Bowel cleansing with laxative based methods such as PEG is an alternative approach for removing gut microbiota before implantation of the donor gut microbiome. The PEG increases the volume of fluids via osmotic flow and washes out the luminal bacteria. It also introduces oxygen into the colon, which generally harbors anaerobic bacteria ecosystem and declines the nutrition for them (Strocchi et al., 1990). The higher dose of PEG through oral gastric gavage perhaps permitted a more efficient bowel clean. Recent findings suggested 170 mg of PEG for 4 times at 20 minutes intervals (Wrzosek et al., 2018) and 93 mg of PEG for 5 times at 30 minutes intervals (Le Roy et al., 2018) for clearing the gut and reducing the bacterial load in adult and young mice, respectively. PEG alone can lead to a similar decrease in the quantity of a combination of antibiotics. The PEG method is easy and straightforward to use for diminishing resident bacteria from the gut. The PEG solution causes electrolytes disturbance, dehydration (Yamano et al., 2016; Tropini et al., 2018), and change in the protective mucus lining of the colon, which leads to diarrhea in recipients (Johansson et al., 2014; Jalanka et al., 2015).
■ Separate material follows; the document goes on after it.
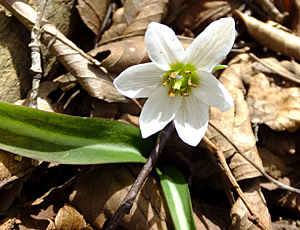 | ヒロハノアマナ:ユリ科 葉っぱが広くて、中央に筋がある(比較のため借りてきた) |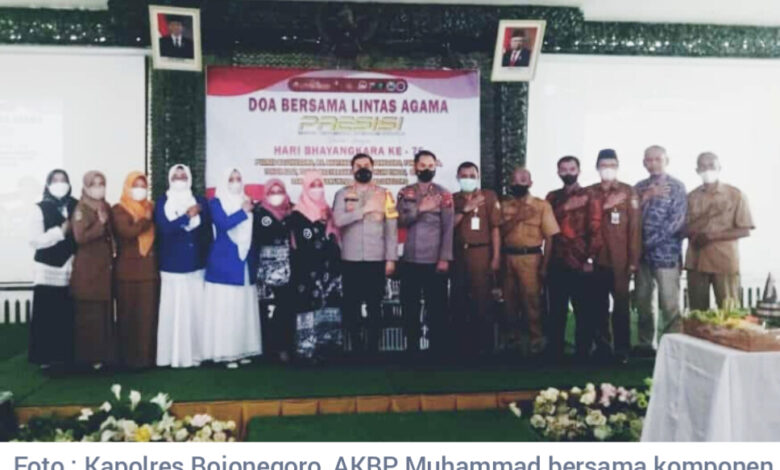 Salah satu penopang kemajuan daerah adalah terciptanya situasi yang kondusif dalam bingkai keberagaman. Berdasar hal tersebut, Polres Bojonegoro Jawa Timur kemarin menggelar doa bersama lintas agama dalam rangka Hari Bhayangkara ke-76 tahun 2022 yang digelar oleh Rumah Sakit Bhayangkara (RSB) Wahyu Tutuko, bertempat di Gedung Pancasila Jalan Pemuda, Kecamatan Kota Bojonegoro, Selasa 21/06/2022.

In contrast with antibiotics, laxatives temporarily decrease the abundance of gut bacteria ecosystem in humans (Jalanka et al., 2015) and mice (Ji et al., 2017). Bowel cleansing also maintained indigenous microbiota post-treatment compared to antibiotics (Ji et al., 2017).

7.2.3 Germ-Free Mice

Germ-free (GF) animals provide a valuable investigational tool for inspecting connections between a host and its GM. GF animals free from bacteria, viruses, fungi, protozoa, and parasites, throughout their lifespan (Al-Asmakh and Zadjali, 2015). The physiological conditions in the GF gut are different from wild type and specific pathogen-free mice gut. Precisely, increased mucin, pH, urea and O2, and low or lack of short-chain fatty acids (SCFAs) (Al-Asmakh and Zadjali, 2015) are among the many typical variances that can have a substantial impact on gut microbiota engraftment (Gillilland et al., 2012; Tomas et al., 2013). Along with stabilization in colonization, GF mice’s innate and adaptive immune system requires 30 days to be functional (El Aidy et al., 2013). GF mice must often be examined for contamination using a combination of bacterial culture, microscopy, serology, gross morphology, and sequencing-based detection techniques (Fontaine et al., 2015; Nicklas et al., 2015).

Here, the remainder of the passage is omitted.